La Revue : Le pessimisme est destructeur

Certains économistes semblent se complaire dans des prévisions alarmistes voire apocalyptiques. En insistant lourdement et constamment sur le fait que la crise est devant nous, que l’euro va disparaître et que l’inflation est pour demain, ces économistes ont des propos qui ne relèvent plus du réalisme mais d’un état de pessimisme profond qui, finalement, pourrait se révéler auto-réalisateur et destructeur de valeur à terme. En effet, de tels effets d’annonce n’encouragent pas les acteurs à relever la tête et à reprendre confiance. Ils ne sont pas porteurs d’avenir.

C’est pourquoi, dans le cadre de cette revue, nous voudrions nous tourner vers ce qui va dans le bon sens et non pas vers ce qui ne fonctionne pas. « Avec des indicateurs de tendance qui s’améliorent, les chiffres des Etats-Unis et de la Chine semblent bons et la politique accommodante de la FED qui est mise en place, nous conduisent à entrer dans l’année 2013 d’humeur optimiste », souligne Trevor Greetham Head of Tactical Asset Allocation and Portfolio Manager chez Fidelity. Les chiffres des marchés immobiliers et de l’emploi aux Etats-Unis se renforcent et les chiffres en Chine surprennent. La FED a assuré qu’elle continuerait à maintenir sa politique monétaire accommodante, ce qui pourrait provoquer une inflation et une augmentation du prix de l’immobilier qui soulagerait les tensions du système bancaire américain. Une économie américaine forte devrait aider les économies à travers le monde à se relever.

En Europe, les politiques constructives menées par le BCE depuis l’été ont réduit le risque d’une scission de la monnaie européenne.

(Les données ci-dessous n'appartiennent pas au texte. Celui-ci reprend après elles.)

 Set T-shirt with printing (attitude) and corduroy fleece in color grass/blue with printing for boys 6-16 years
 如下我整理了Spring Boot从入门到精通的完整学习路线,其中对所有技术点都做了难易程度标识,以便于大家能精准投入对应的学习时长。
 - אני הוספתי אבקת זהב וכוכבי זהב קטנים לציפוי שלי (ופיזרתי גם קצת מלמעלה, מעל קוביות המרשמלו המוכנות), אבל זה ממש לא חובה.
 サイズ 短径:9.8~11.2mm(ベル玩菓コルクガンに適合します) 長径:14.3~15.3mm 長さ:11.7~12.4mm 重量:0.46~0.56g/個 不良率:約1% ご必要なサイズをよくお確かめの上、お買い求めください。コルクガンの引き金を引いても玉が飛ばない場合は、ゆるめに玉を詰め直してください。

Certes, l’optimisme ne se trouvera pas du côté européen car la fin de la récession dans la zone euro n’est pas encore en vue mais les chances de reprise émaneront surtout du pays de l’Oncle Sam. « Une croissance de 3% sur base annuelle est attendue au deuxième semestre, ce qui en ferait le meilleur semestre depuis 2006 », note-t-on chez Petercam.

En ce qui concerne l’inflation, les injections monétaires massives des banques centrales ont alarmé certains économistes qui l’annonçaient comme un fait inéluctable. Or, force est de constater que nous l’attendons toujours. « Je ne vois pas d’inflation en 2013. Nous sommes dans un état de tétanie », comme le soulignait récemment Etienne de Callataÿ, Chief Economist à la Banque Degroof. En effet, les injections monétaires ne peuvent créer de l’inflation que si elles sont effectivement intégrées dans le système économique, dans une économie qui tourne normalement. Or, aujourd’hui, la monnaie stagne et manque donc de vitesse de circulation pour engendrer une situation inflationniste.

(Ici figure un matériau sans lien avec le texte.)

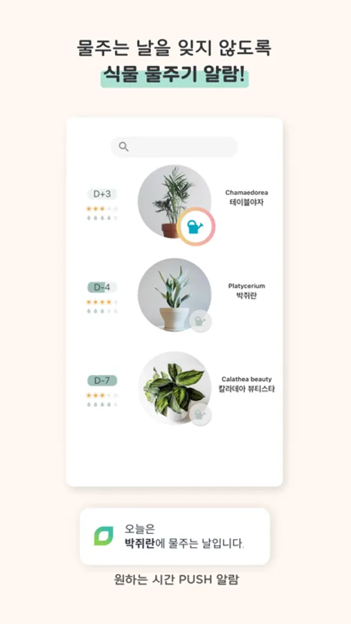 - 물주는 날을 잊지 않도록 PUSH 알람을 통해 알려드려요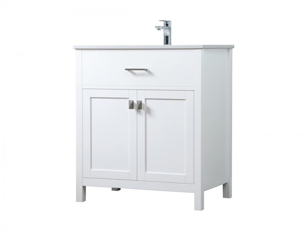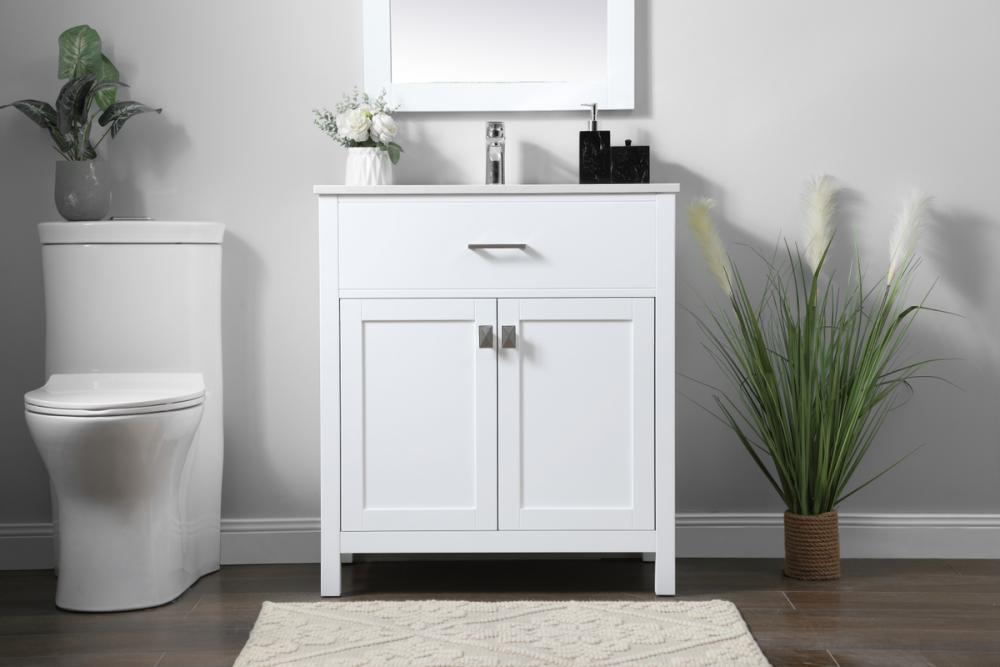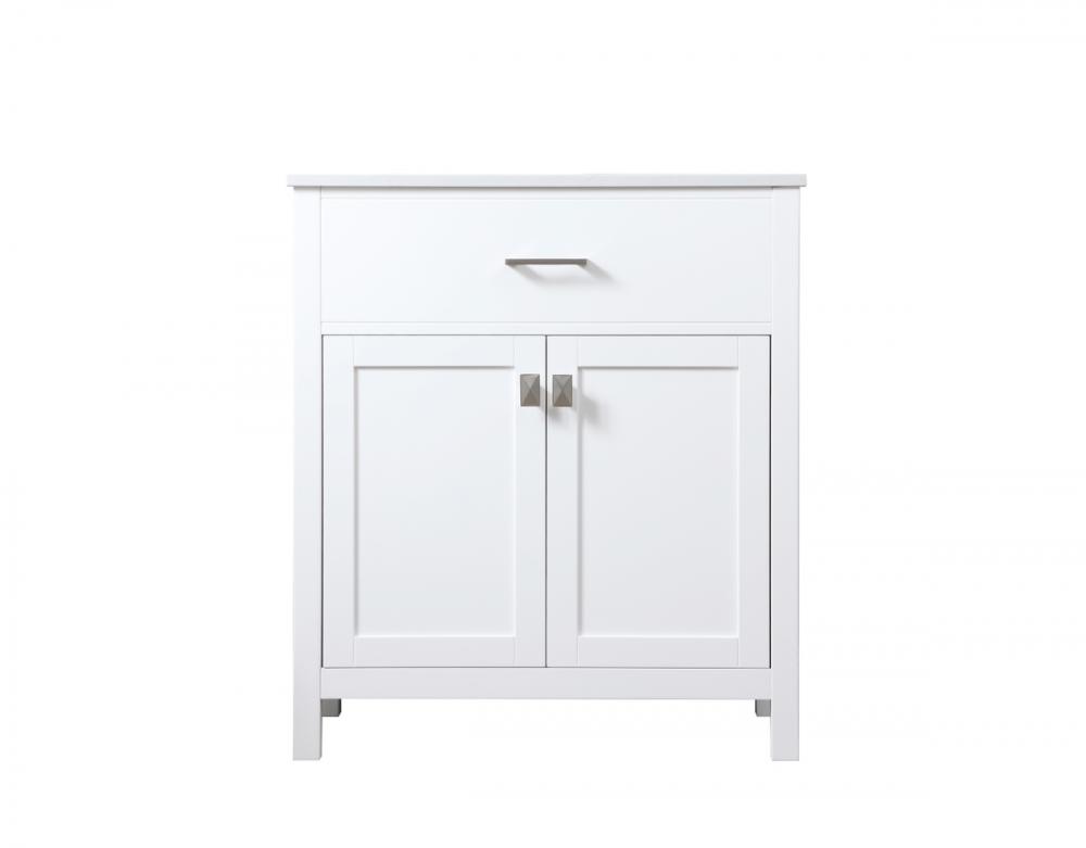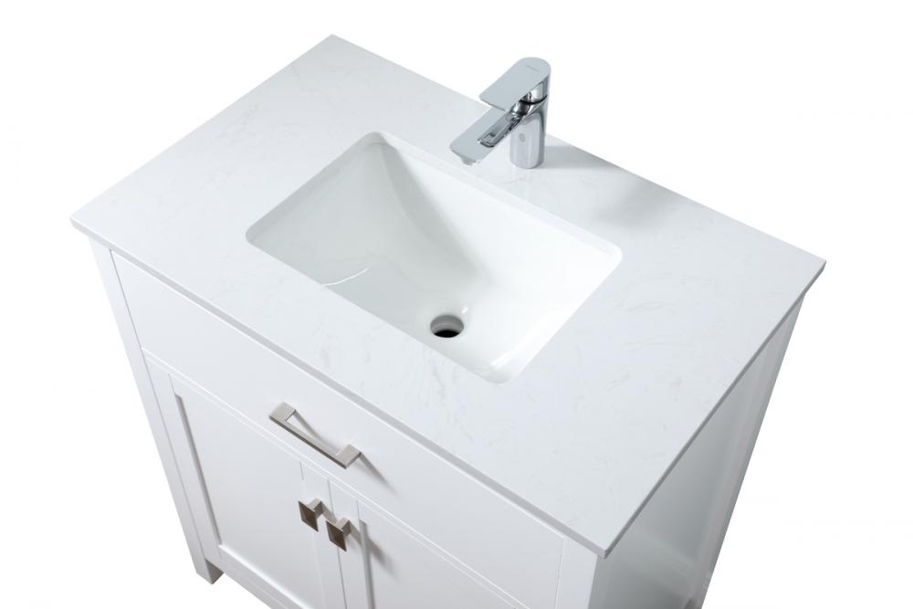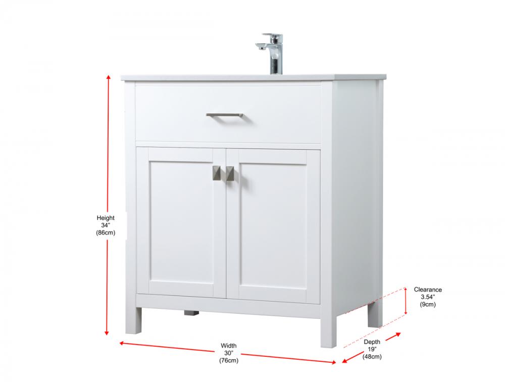 Elevate your bathroom aesthetic with our precision-crafted 30-inch vanity, featuring a chic straight edge cut and an engineered marble top that infuses a dash of modern elegance into your space. Designed for seamless access and ample storage, the vanity showcases a single functional cabinet with two soft close doors, paired with a faux top drawer. The sophisticated undermount porcelain sink seamlessly merges style with practicality, while the inclusion of stylish hardware adds a personalized touch and ensures convenient access to storage. Boasting a lower open shelf for additional storage, this vanity seamlessly blends functionality with style, providing a practical area for decor or essentials. Complete with a single pre-drilled hole for seamless faucet installation, our versatile vanity allows you to effortlessly personalize your bathroom, adding a final touch of elegance to your unique space. Redefine your bathroom experience with this stylish and functional addition.

Du côté des marchés actions, nous percevons chez certains gestionnaires un changement dans la politique d’investissement. Il semblerait que les actions retrouvent un certain attrait après une année 2012 qui a affiché de bons résultats.

En conclusion, sans vouloir verser dans un optimisme béat, des signes de reprise économique sont attendus en 2013. Ces signes ne sont cependant pas encore espérés en Europe qui devra faire face à une montée du chômage et à une crise de l’euro qui n’a pas fini de faire parler d’elle. Et pour nous redresser, nous reprenons ici un extrait de l’excellente interview de Jean-Claude Guillebaud, journaliste, Lauréat du prix Albert-Londres en 1972, réalisée par notre confrère de la Libre Belgique, Eric de Bellefroid, le 28 décembre 2012 : « Face à ces immenses mutations, je déplore que nous, Européens, réagissions par un surcroît de pessimisme, une « sinistrose » qui est frappante chaque fois qu’on revient en Europe après un séjour lointain, notamment en Asie. Je pense – et j’écris – que le pessimisme fait aujourd’hui partie du problème en Europe. Il est absurde parce qu’il est « autoréalisateur », c’est-à-dire qu’il contribue à faire advenir les catastrophes. Disant cela, je ne verse pas dans la niaiserie. J’ai passé vingt ans de ma vie, comme correspondant de guerre pour « Le Monde », à vivre les guerres, les révolutions, les tueries de toutes sortes, les famines. Or, j’ai toujours trouvé, dans les pires situations, des gens qui ne désespéraient pas, qui restaient debout. J’ai appris l’espérance auprès de gens qui avaient toutes les raisons de désespérer, et qui ne pliaient pas. C’est pourquoi la sinistrose européenne m’exaspère, même si je suis conscient des précarités, injustices, souffrances sociales qui s’accroissent ».